What we found that was really interesting is that people that learning the play the
game the fastest, they had the most alpha oscillations - alpha waves - when they first
played the game. Alpha waves are a particular type of brain aciticity where big groups of
your neurons fire together in snychromy, then times every second. The people that improve
had more power alpha waves. So it was not that they were happening faster. It is that
they had bigger groups of neurons that were all firing together and going off together.
So maybe their brain was more coordinated in its alpha.

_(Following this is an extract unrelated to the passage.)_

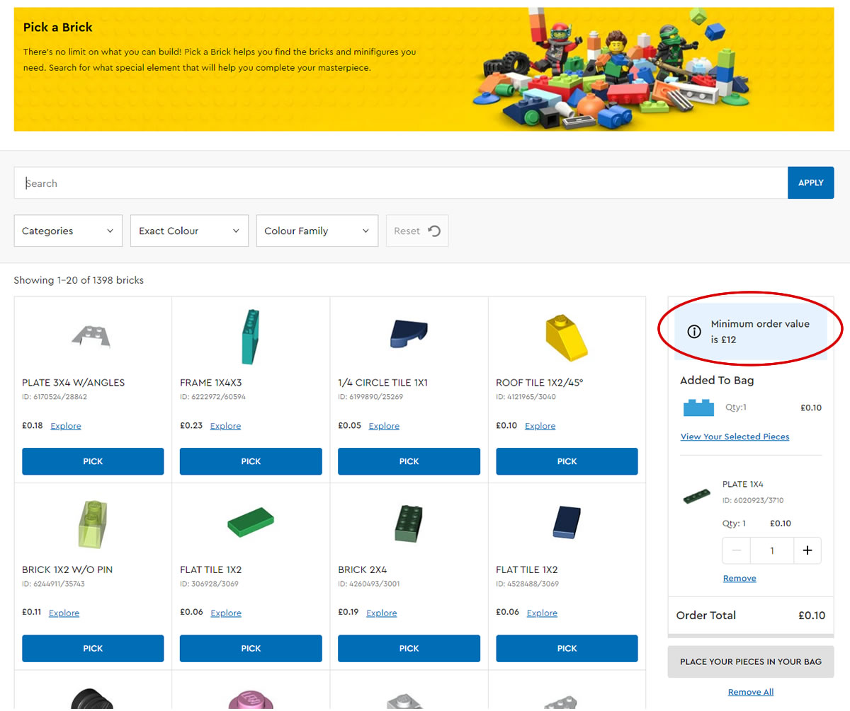 LEGO teste en effet à compter d'aujourd'hui l'instauration d'un minimum d'achat sur le service en ligne "Choisis une Brique" (Pick a Brick) et c'est le Royaume-Uni qui s'y colle en premier avec l'obligation d'atteindre la somme de £12 pour pouvoir profiter du service. L'idée derrière ce test est de s'aligner sur le coût des pots vendus en LEGO Stores (£11.99) et d'alléger au passage la charge de travail des petites mains qui gèrent ces commandes de pièces.
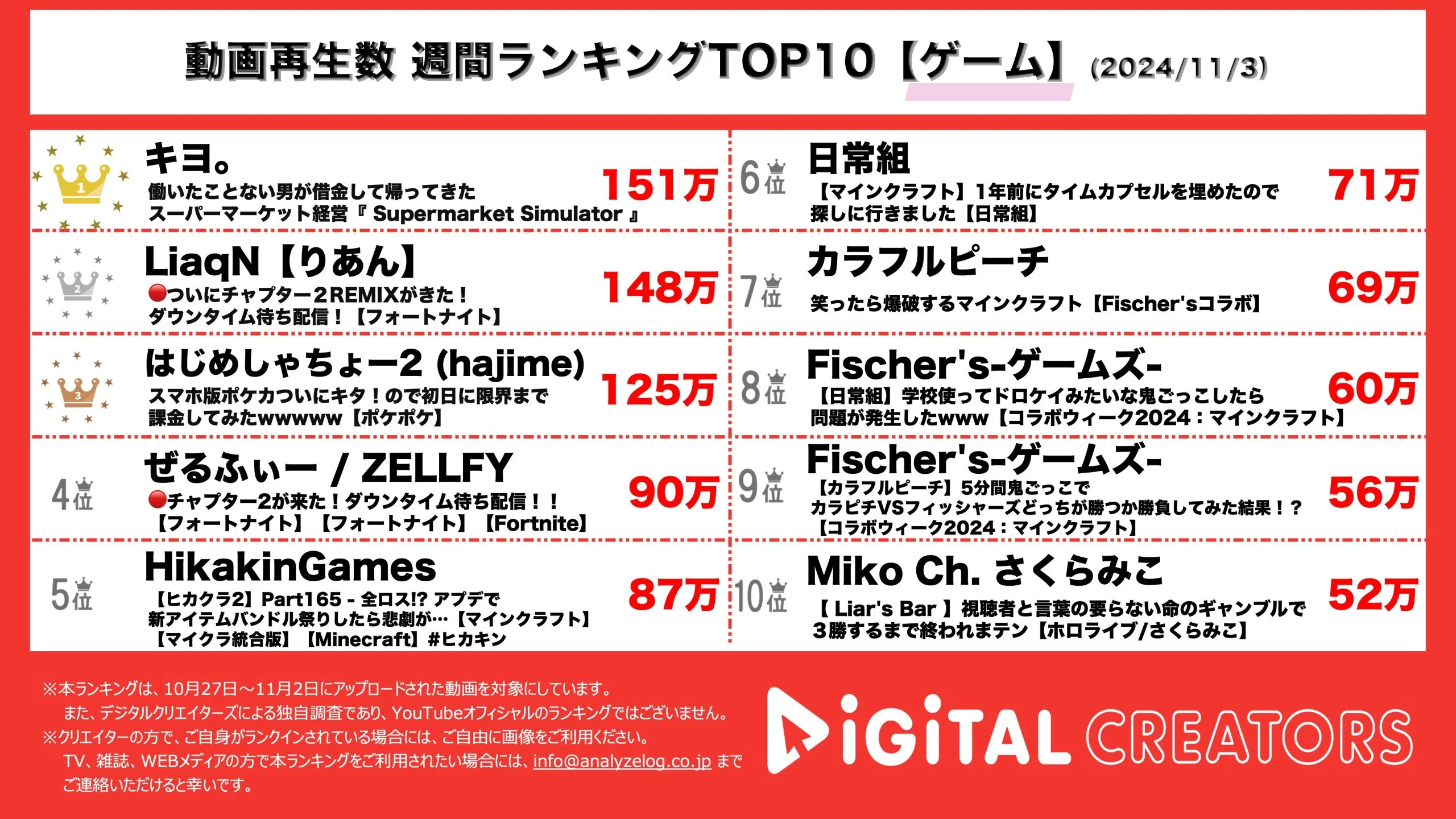今回は、10月27日〜11月2日に公開されたゲーム実況動画ランキングTOP10を発表。(11月3日集計)

Even not when they are playing -- so we bring them into the lab and have them do some other
unrelated tasks on the side that are not even the game -- and we can use their alpha waves
from that side task, before they have even played the game at all, to predict how fast
they will learn this game.
The first EEG finding in the 1930s that Hans Berger put EEG on his son and found that,
when his son closed his eyes or stopped paying attention, that this alph activity would go
up; there would be more peaks, ten times every second. And so that was thought of as kind
of just the idling process of the brain. But it has come to be found in many more brain
areas that this is a more controlled kind of inhibition. So it is not just an "off"
that happens whenever you are not doing anything. But you can selectively chose which parts
of your brain to inhibit with these alpha oscillations.
We did not try to predict who would be the best when they were done playing.
We were not able to predict that as well. What we are able to predict is kind of the slope that
people learn. So we do not know where people are going to end up after a certain amount
of time. We just know the tragectory they are going to take to get there -- which is
perhaps more interesting. Because the endpoint is probably just a function of different people's
learning slopes. But the real difference is, can you learn it in a second or does it take
you a little longer? That is what educators and trainers and the military would want to
know more about -- which are the people can get it in a second and which are the people
that you need to draw out the training a little bit more.
Another interesting thing is that it has become clear that you can give people feedback in
real-time about their alpha; which is something we have not done here but something we want
to try. So you can measure their alpha and then tell them how much they have and say,
"Okay, increase it." And they do not necessarily know how to increase it. But they will try
something. And if it works, you will give them feedback and slowly you can get them
to boost up or dampen their alpha. And we might try to do this when people first start
playing a game and see if we can manipulate their future learning. Which would be really
cool is you can really change people's proficiency to play a game just by boosting how they go
into it that first time. That would be really amazing.